◆ **ASSIGNMENT**: Note the line containing "Johannes Clauberg (24"; from it through the last line below, give only those lines again, exactly, both ends included, skipping pictures.
-- PROVIDED RECORDS follows --
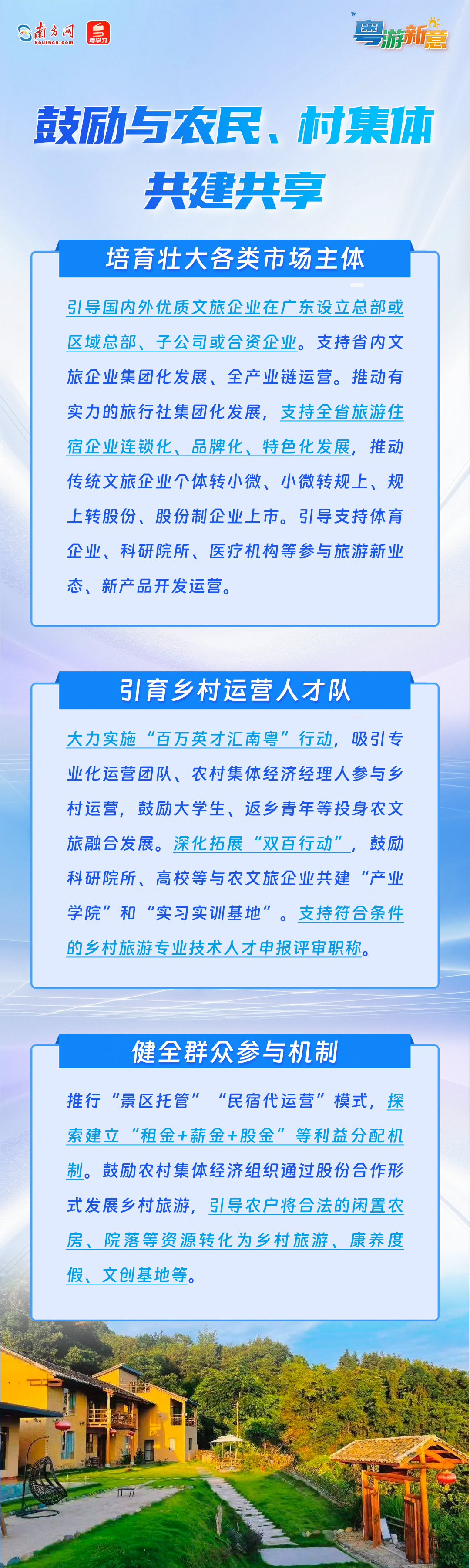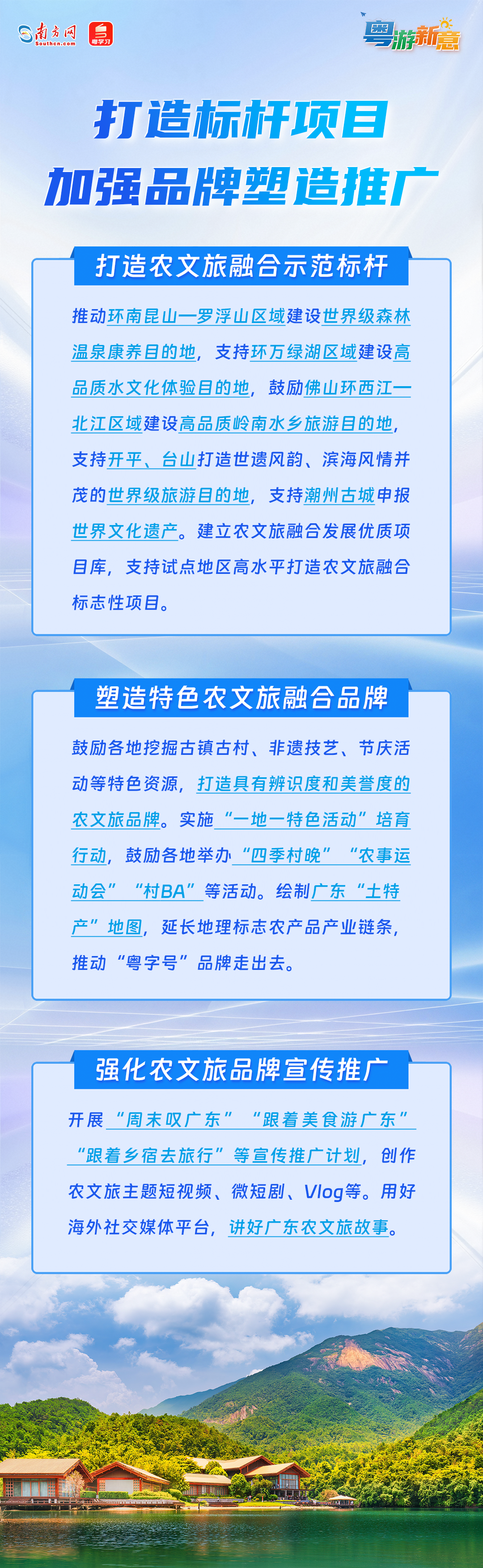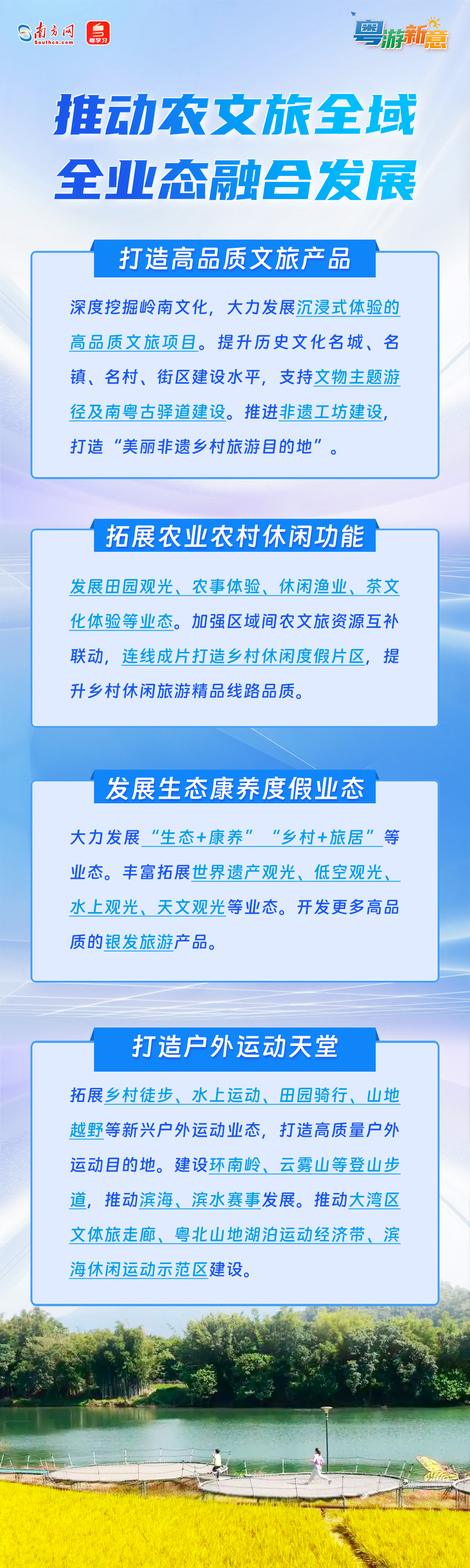近日,广东省“百县千镇万村高质量发展工程”指挥部办公室牵头制定的《关于促进农文旅融合高质量发展的若干措施》(简称《措施》)印发,明确提出广东要建设全国领先、世界知名的农文旅深度融合高质量发展先行地,打造广东特色鲜明、岭南韵味彰显、文旅产业强劲的全国农文旅融合发展样板。
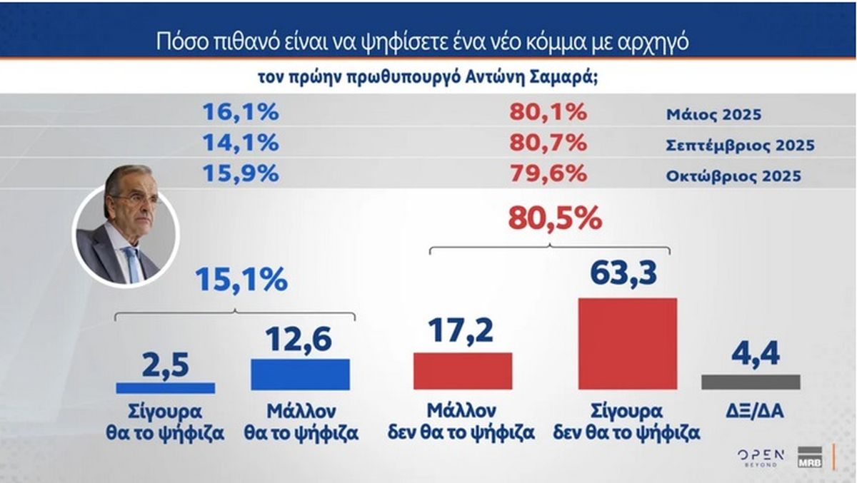 Στο ενδεχόμενο δημιουργίας νέου κόμματος υπό τον Αντώνη Σαμαρά, οι θετικές απαντήσεις είναι στο 15,1% έναντι 63,3%.
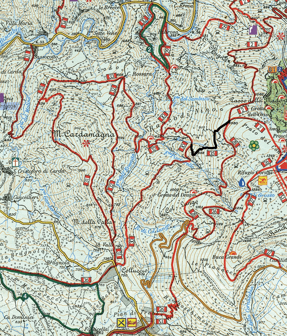L'incrocio è molto facile da individuare percorrendo il sentiero in salita, mentre se ci si trova in discesa occorre prestare più attenzione, giacchè nella parte finale la traccia del 35 si fa incerta ed è necessario trovare il segno sul primo albero (qualche decina di metri più in basso) che risulta essere un po' sbiadito.
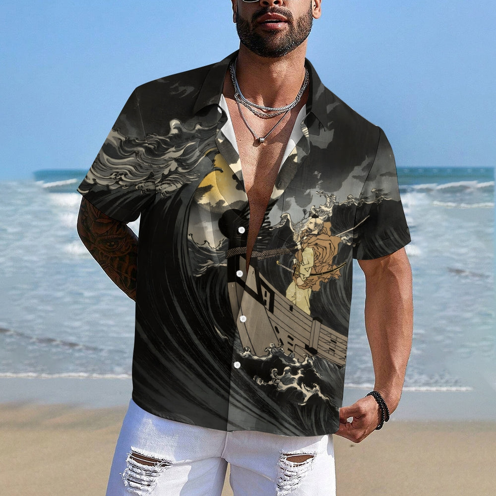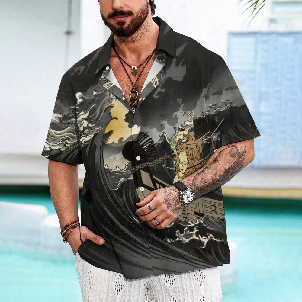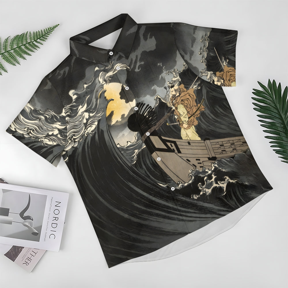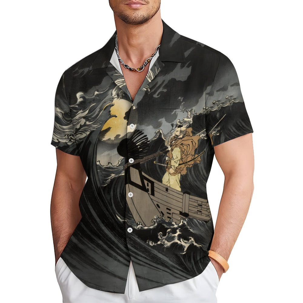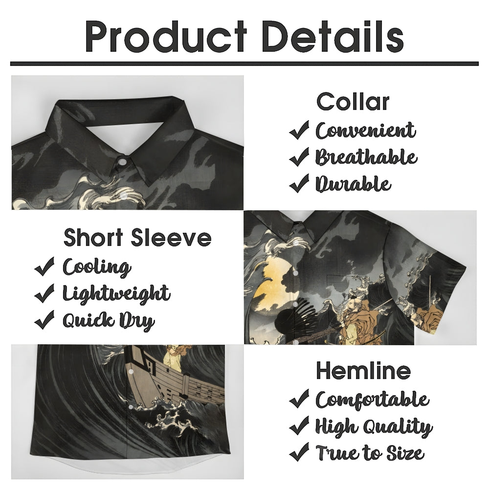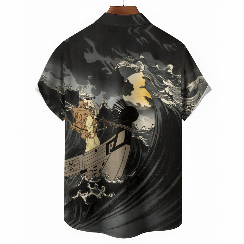 Ukiyo-e Waves and Samurai Casual Large Size Short Sleeve Shirt 2406003242
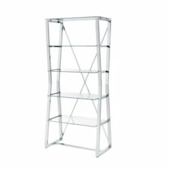 Create the perfect spot to show off knickknacks, art, or books with this contemporary glass bookcase. Its chrome finish frame shows off subtle angles that create an hourglass profile on either side. Tempered glass shelves enhance a clean, modern presentation while providing excellent space for both storage and display. Makes the perfect accent to a contemporary great room or home office.
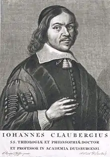 Johannes Clauberg (24 February 1622 – 31 January 1665) was a German theologian and philosopher. Clauberg was the founding Rector of the first University of Duisburg, where he taught from 1655 to 1665. He is known as a "scholastic cartesian".
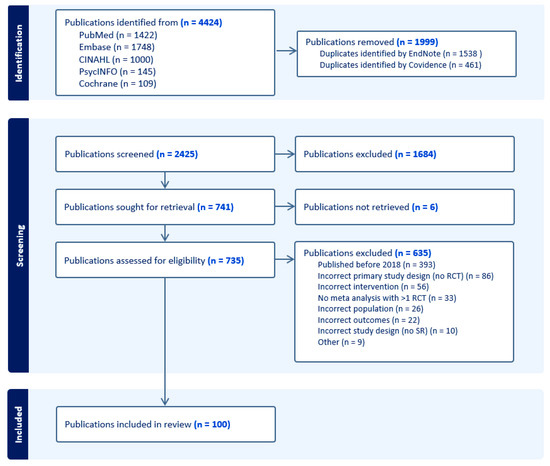 After full text screening for eligibility, 100 systematic reviews were included in the overview (Figure 1). A detailed overview of the included studies and extracted data can be found in Table S1.
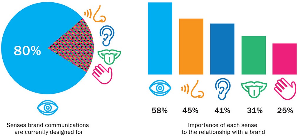 We live in a visually dominant world, it is estimated that over 80% of all brand communications are designed for sight alone. But less than half of our brain is involved in processing what we see and research shows that all of our senses are important in creating brand relationships.
-- PROVIDED RECORDS concluded --
◆ **TASK RESPONSE**:
 Johannes Clauberg (24 February 1622 – 31 January 1665) was a German theologian and philosopher. Clauberg was the founding Rector of the first University of Duisburg, where he taught from 1655 to 1665. He is known as a "scholastic cartesian".
 After full text screening for eligibility, 100 systematic reviews were included in the overview (Figure 1). A detailed overview of the included studies and extracted data can be found in Table S1.
 We live in a visually dominant world, it is estimated that over 80% of all brand communications are designed for sight alone. But less than half of our brain is involved in processing what we see and research shows that all of our senses are important in creating brand relationships.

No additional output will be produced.